Du point de vue de votre gardien de ruminants, c’est la fourberie, la duplicité, le «caméléonnage» des uns et des autres qui entravent le retour de la paix dans notre pays. Vous suivez sûrement avec le berger les transhumances entre les mouvements armés. Aujourd’hui, c’est la Plateforme, demain la CMA.
Au Nord du Mali, les chefs de fractions, les notabilités locales, les leaders religieux sont sous pression, menacés dans leur existence par les principaux acteurs armés qui sont comme dans une course aux voix (pas pour gagner une élection, mais pour se faire passer comme le plus représentatif afin de se tailler la part du lion dans les retombées de l’accord). Ils migrent donc au gré de la force présente du jour. Alors qu’au sein même des mouvements, les trahisons se multiplient et les retournements de veste deviennent monnaie courante. Nous suivons tous comment Me Harouna Toureh se plie en deux aujourd’hui à Tombouctou pour amener la communauté Songhoy dans le juron de la CMA. Il développe certes un argumentaire compréhensible et ingurgitable par des communautés qui ont souffert des exactions d’éléments incontrôlés se réclamant d’autres mouvements, mais de là à opérer une telle volte-face, on peut rester perplexe et se demander si cet homme doit mériter la confiance de la CMA. Cette CMA que certains combattent dans les écrits sans élégance (et qui a toujours répondu avec retenue), mais dont ils reconnaissent une qualité : le pouvoir de contrôle sur ses troupes. Toutes choses qui la rendent attrayante aux yeux de certaines populations, notamment celles du nord, qui ne cherchent par ces temps que la quiétude et la sécurité de leurs biens.

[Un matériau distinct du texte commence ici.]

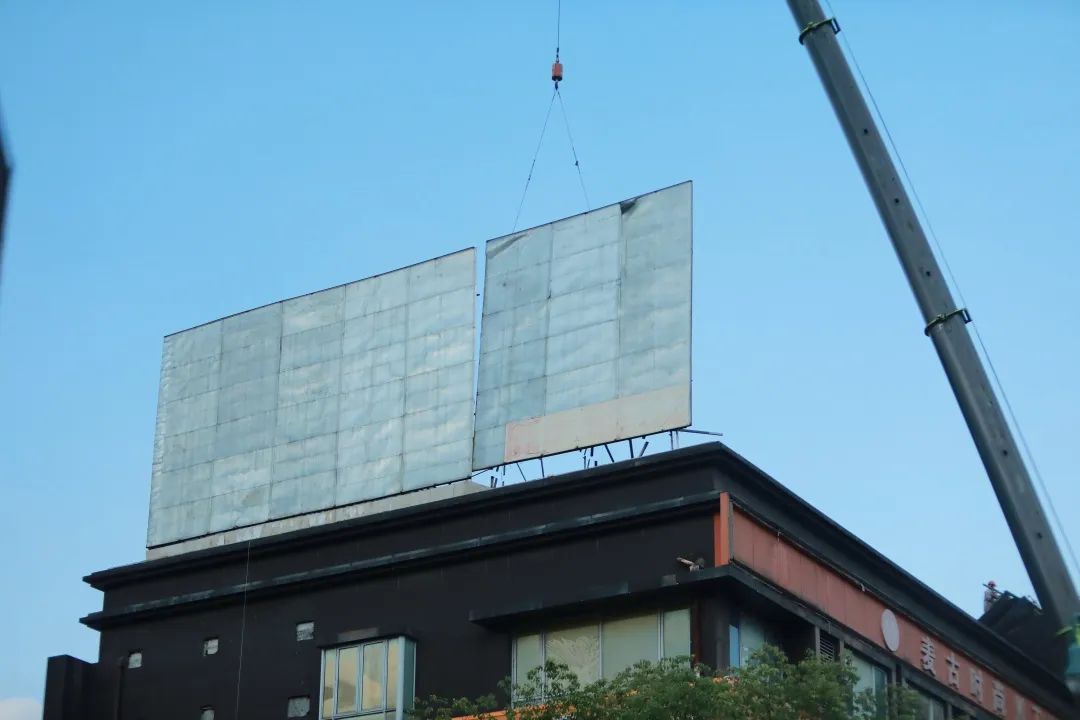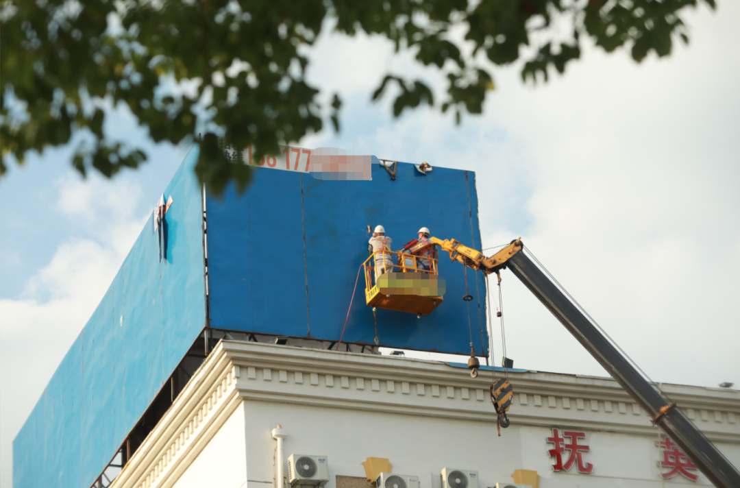 在金山區蒙山北路龍翔路路口,一臺50噸的大型吊機正緩緩將歐富商業廣場樓頂的違規戶外廣告設施切割后慢慢吊下,這是山陽鎮認真貫徹落實城市精細化管理要求,推進“美麗灣區”建設,切實保障城市運行安全的有力舉措。

Quiétude et sécurité sont deux états qui risquent fort de créer une empathie pour ceux que l’on nomme des terroristes et qui s’appellent eux-mêmes djihadistes. Ces combattants de l’ombre, ces fantômes guérilleros risquent aujourd’hui de se faire une place dans le cœur d’une partie de la population. Dans certains pâturages, ils rencontrent des bergers et les assurent qu’ils ne les combattent point. Ils disent même ne pas combattre l’État, mais ceux qui les ont combattus ou qui ont perpétré des exactions contre les leurs. Ce discours est digestible et a le mérite de leur assurer une cohabitation pacifique avec les gens du terroir et donc une assurance de pouvoir compter sur la population comme couverture. Il nous revient donc de le mettre à l’épreuve et de négocier avec eux une paix durable et profitable pour tous. Car il ne sert à rien de se cacher le soleil avec une paume de la main. Nous ne sommes point en position de force pour nous imposer par la force.
Ce n’est pas une leçon, mais un point de vue de celui dont les ancêtres ont toujours humé l’odeur médicale des urines des bovins d’autrui qu’ils gardaient.
Il est interdit aux forgerons et aux Bwa de commenter.